A Rose of Steel

A Rose of Steel

2021 • 305 pages

Ratings1

Average rating5

15

Katherine Macdonald has done it again. She's reimagined Beauty and the Beast in a most delightful way.

I can relate to Asami. She's a quiet heroine - introverted, logical, inquisitive, and tenacious. All the qualities that make her a good scientist lead her to ask questions when her research isn't adding up. Her questions lead her into danger, and to Beau - Beaumont, a former soldier, left deformed by the experiments conducted on him and other soldiers. He's one of the few who lived. Those close to him know him as “Beast.” Asami walks away from her career to try to help Beau, to see if she can undo some of the damage that's been done to him.

The world building here is superb, as it is in all of Macdonald's books. It may not be anything like the world of Beauty and the Beast that we're familiar with, but that makes this retelling all the more enjoyable.

The character development is on point. Asami and Beau are not perfect people. They have flaws. But they are perfect for each other, even if their attraction doesn't come to fruition immediately. And the Dread Doctors are deliciously macabre. When I learned what they really were, I just about dropped my teeth. I didn't expect that!

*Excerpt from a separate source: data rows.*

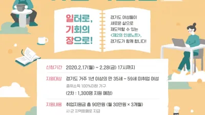 2020-02-16 09:33:44“경기도 거주 미취업 여성에게 구직활동 지원금을 드립니다”
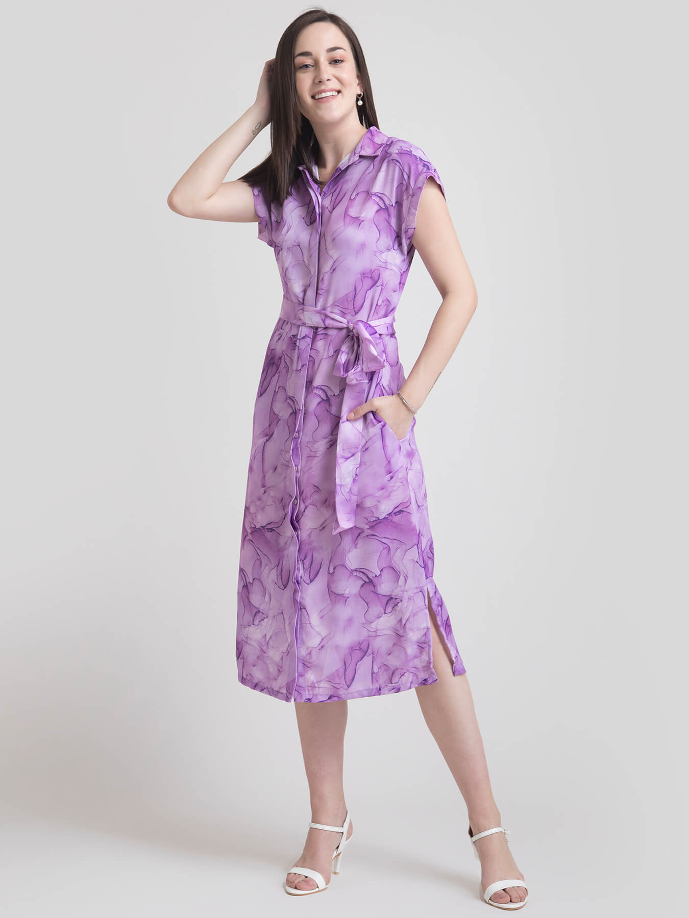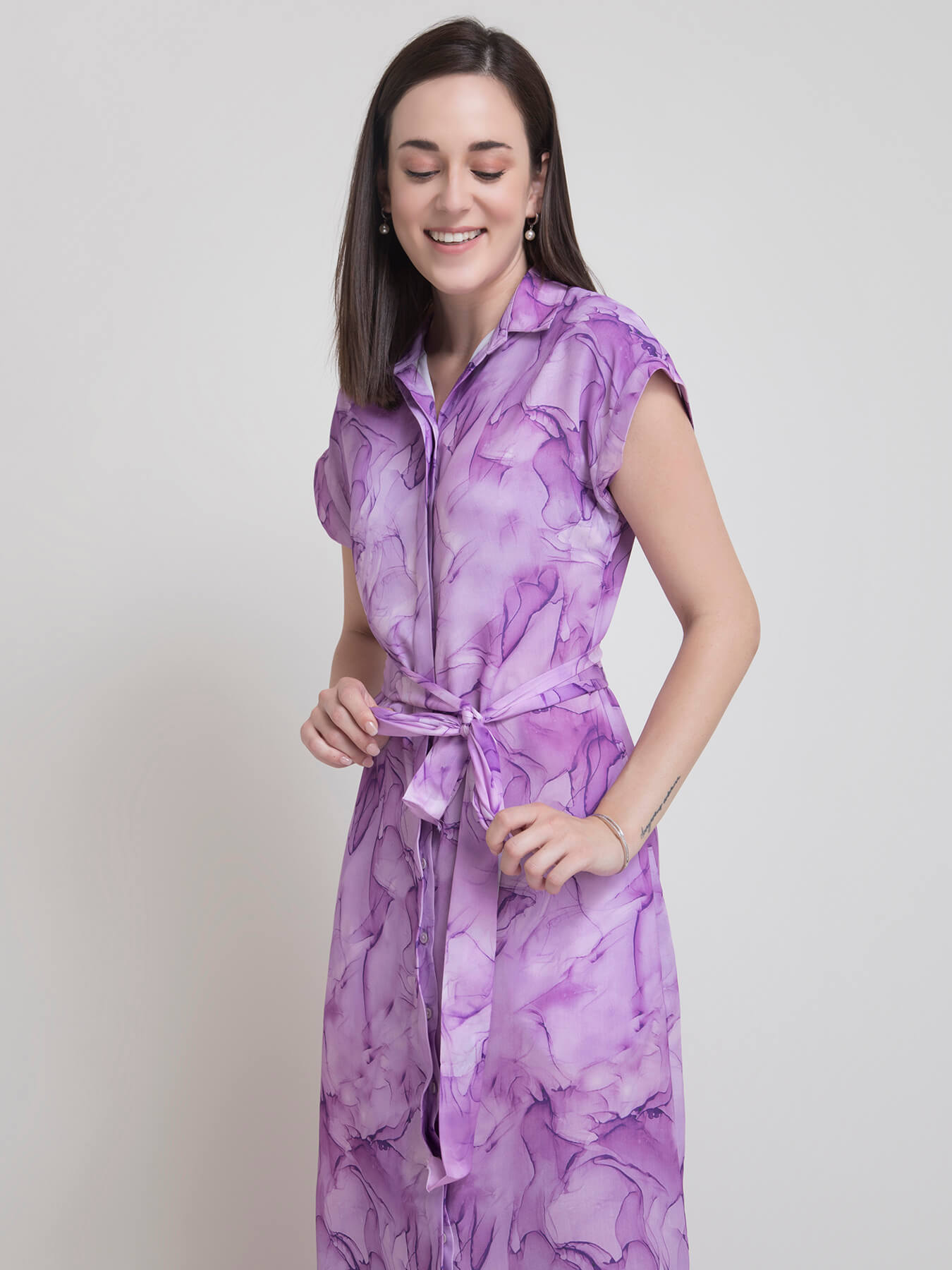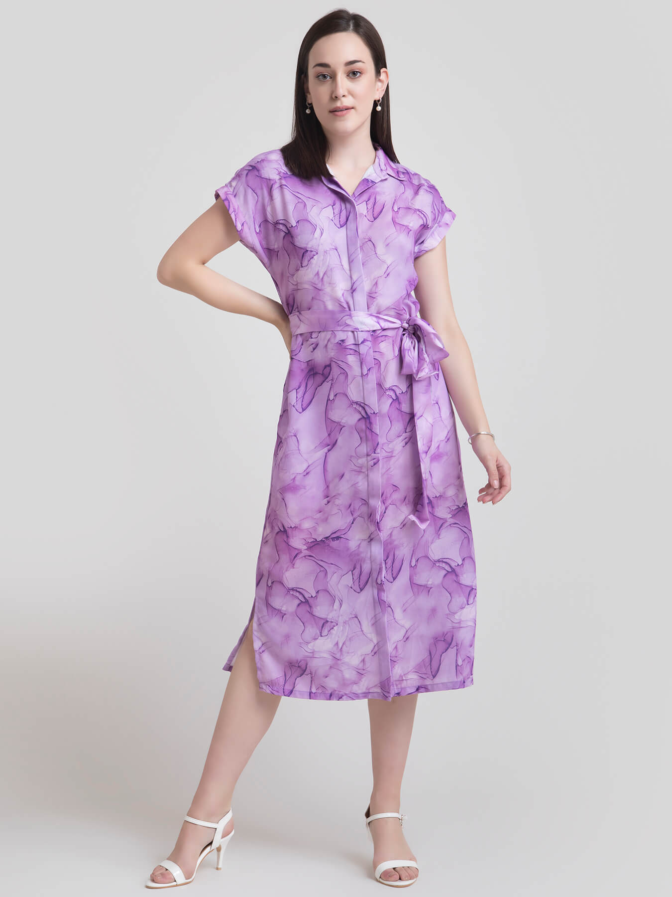 This lilac shirt dress has a regular collar, marble print, concealed button placket, pocket and short sleeves. Made from Georgette, it is soft and luxurious. This dress comes with a detachable tie belt.
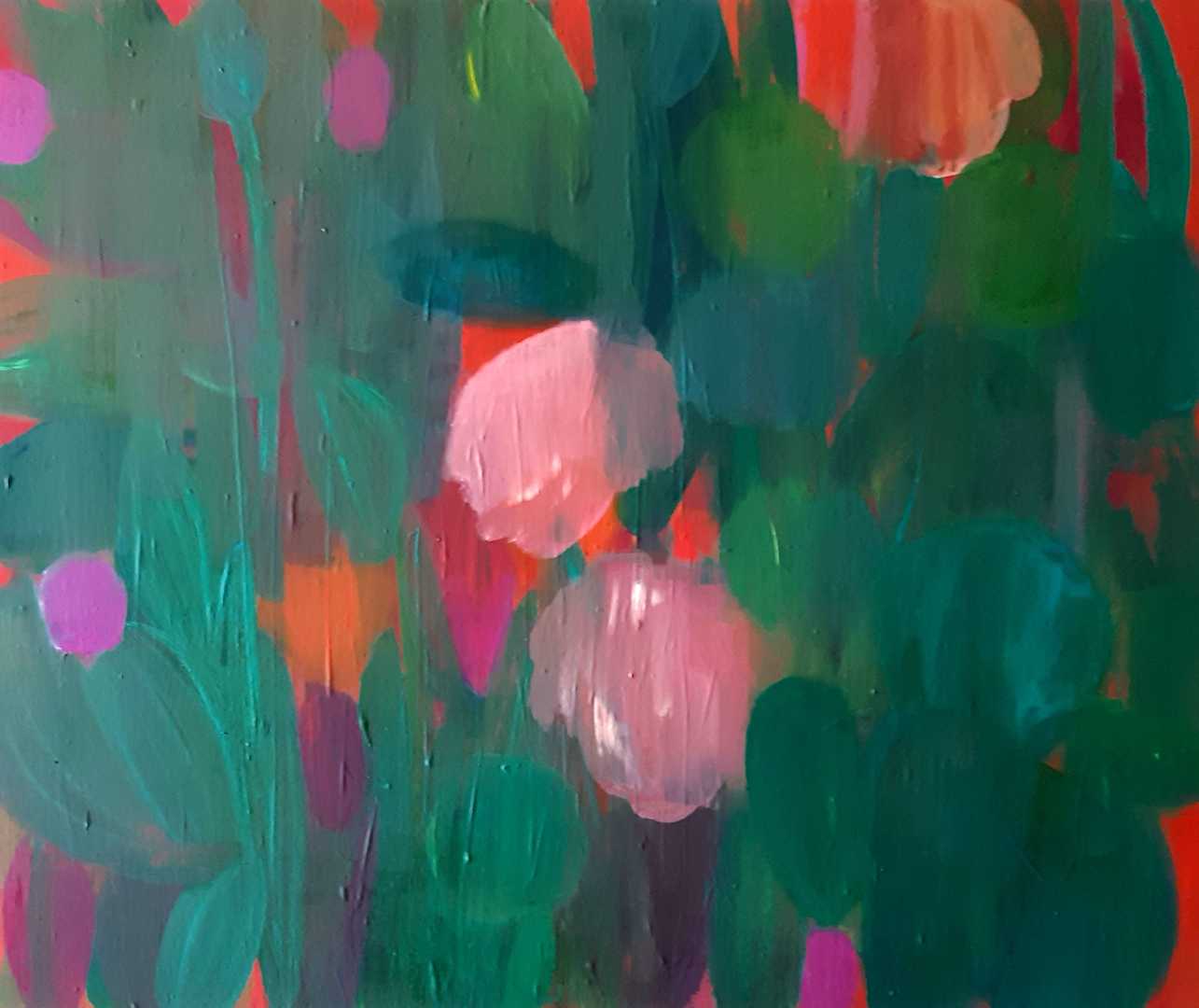 Minun puutarhani kasvaa maalauskankaille. Se on lähes abstrakti, tunnistettavia kasveja sieltä ei löydy.
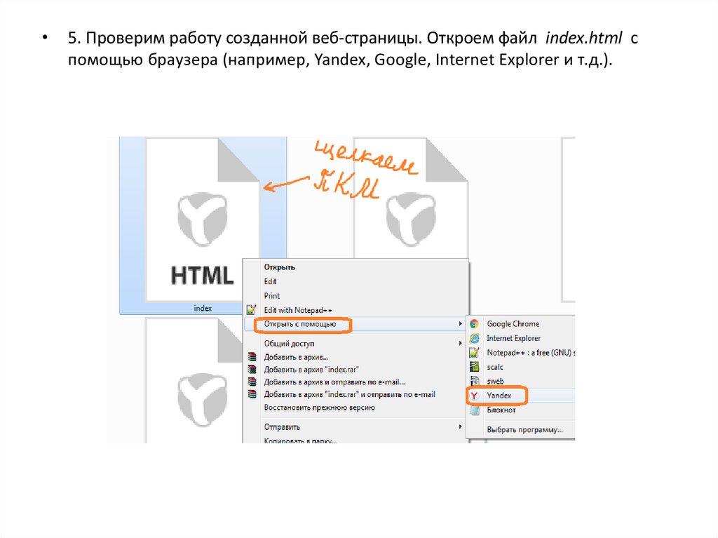 5. Проверим работу созданной веб-страницы. Откроем файл index.html с
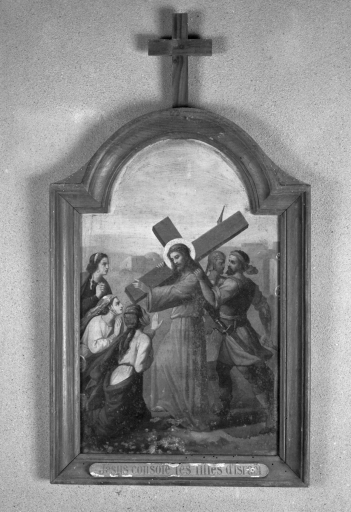 Sept cadres portent des plaques en bois indiquant l'iconographie : Jésus tombe pour la première fois. Jésus rencontre sa sainte mère. Jésus console les filles d'Israel. Jésus dépouillé de ses vêtements. Jésus cloué sur la croix. Jésus descendu de la croix. Jésus mis en sépulture.
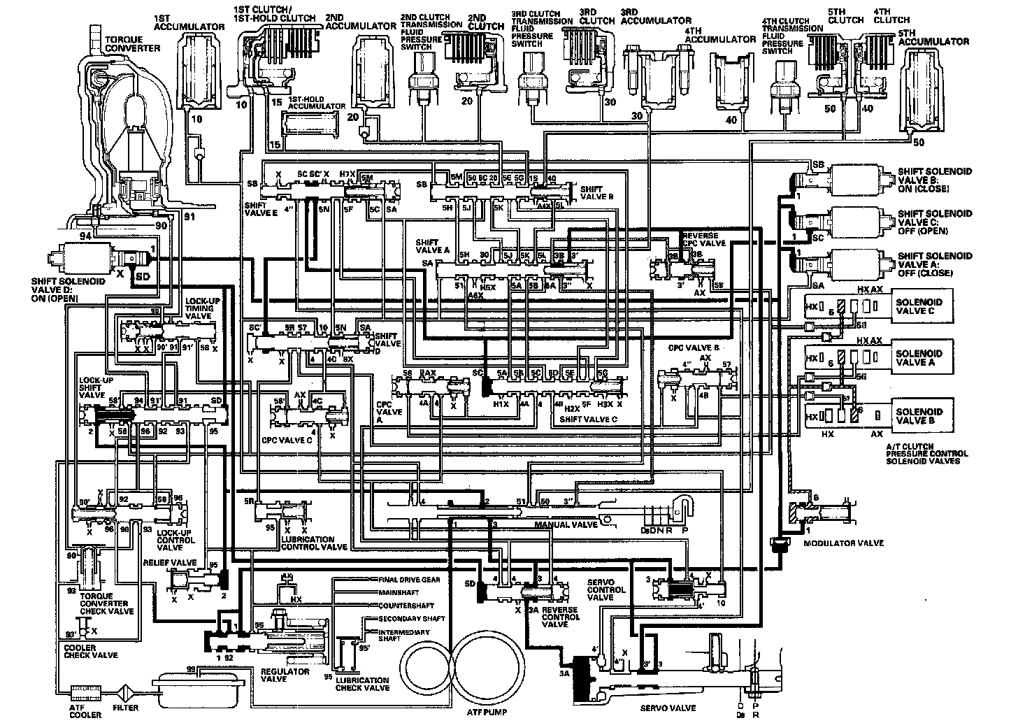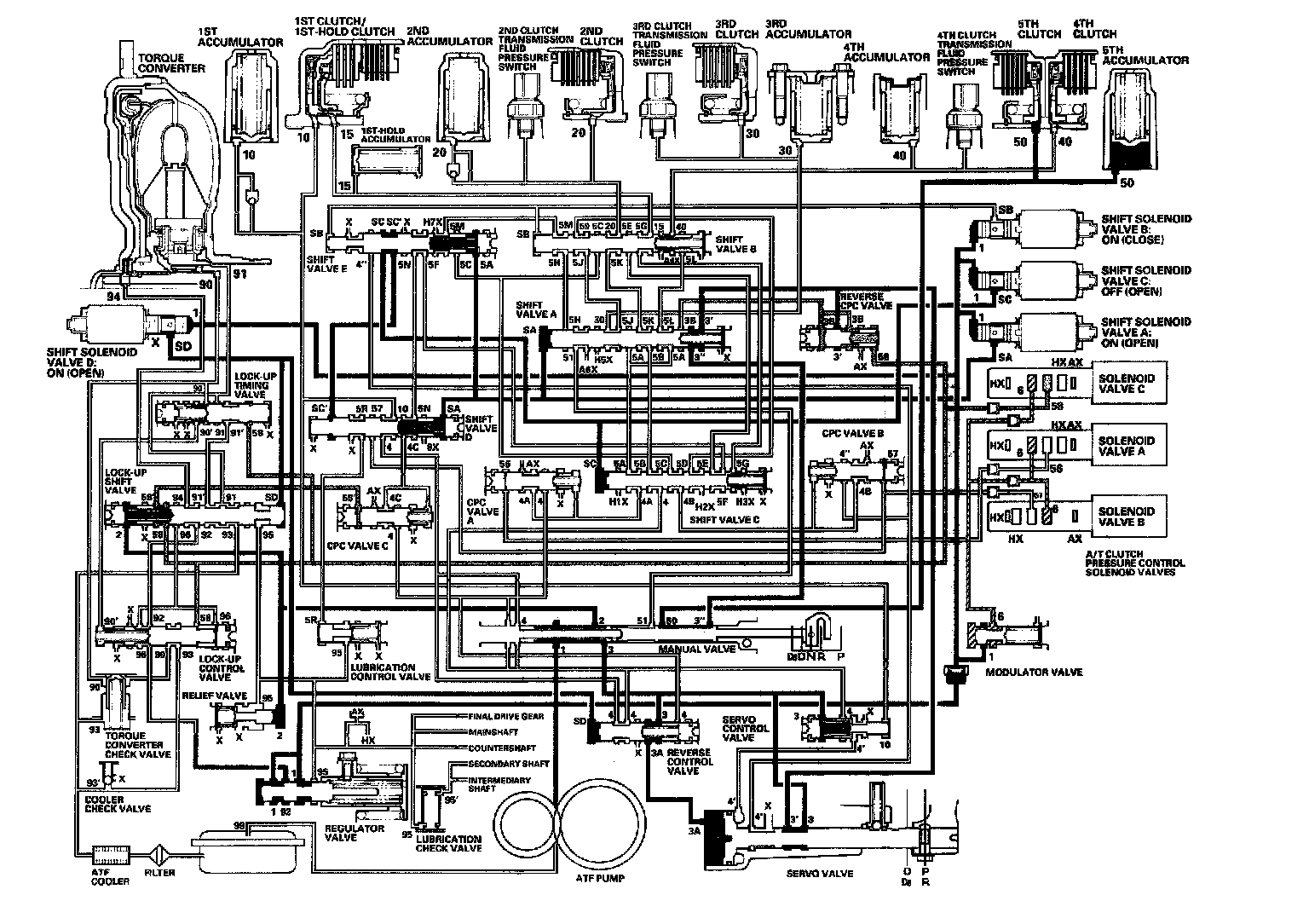 As the speed of the vehicle reaches the programmed value, the PCM turns shift solenoid valve A ON, and shift solenoid valve A uncovers the port of shift solenoid valve A pressure (SA) to the shift valve A. The shift valve A is moved to the right side to switch the port of line pressure (3') and reverse CPC pressure (3B) leading to the 5th clutch. Line pressure (3) flows to the manual valve via the servo valve and shift valve A, and becomes 5th clutch pressure (50) at the manual valve. The 5th clutch pressure (50) flows to the 5th clutch, and the 5th clutch is engaged with the line pressure mode.
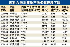 在二級市場上,以萬保招金為代表的地產股9月表現不佳,截至目前,A股地產指數已經連續下跌了兩周,上周下跌4.08%,本周也再度縮水了2%。而9月份,地產股也大幅跑書上證指數6個多百分點。
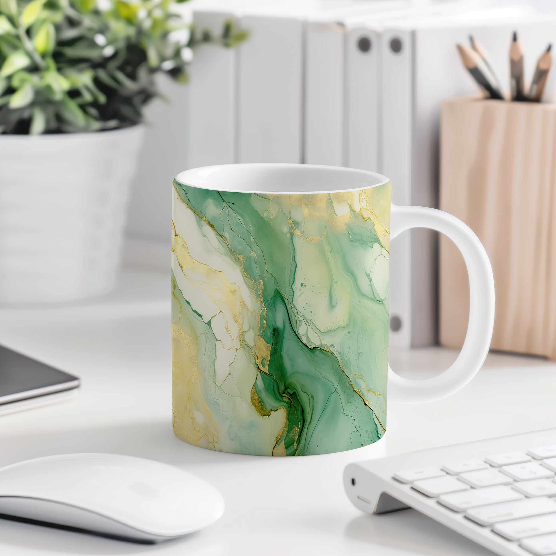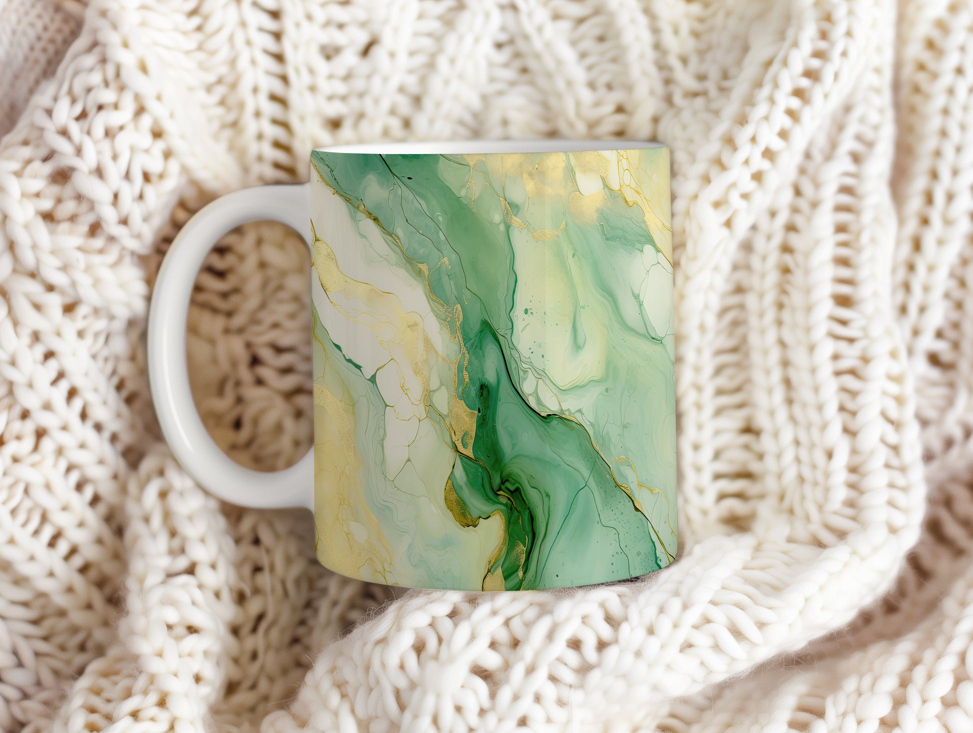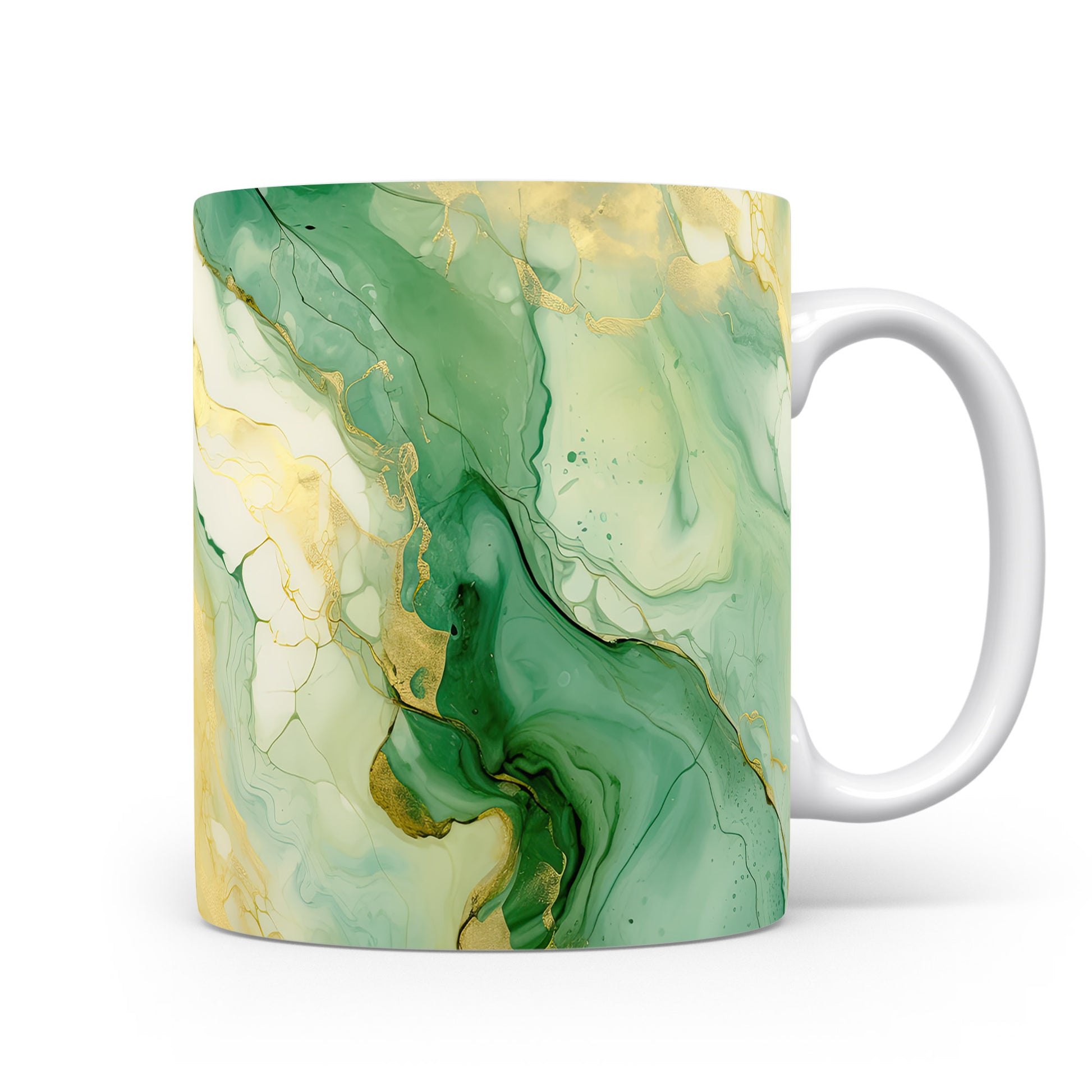 Hrnek s mramorovým vzorem v zelených a zlatých tónech…

Macdonald's treatment of Beau's deformities is sensitive and realistic. They clearly make Beau uncomfortable and make him think he's unworthy of affection. Asami doesn't gloss over them and pretend they don't exist; rather, she tells him that yes, she sees them, and that they aren't the things about him that matter most to her. He struggles to accept her love, to believe her when she says that his deformities are part of him but they don't make her want to pull away from him. I thought this was very well written.

You don't get the straight-up “happily ever after” ending here. But there are hints at a chance for happiness yet to come, and it sure sounds like there will be more stories to be told in the Mechanical Kingdoms. I am here for them. Every single one.

My thanks to Booksprout and the author for an advance review copy. All opinions here are mine, and I don't say nice things about books I don't actually like.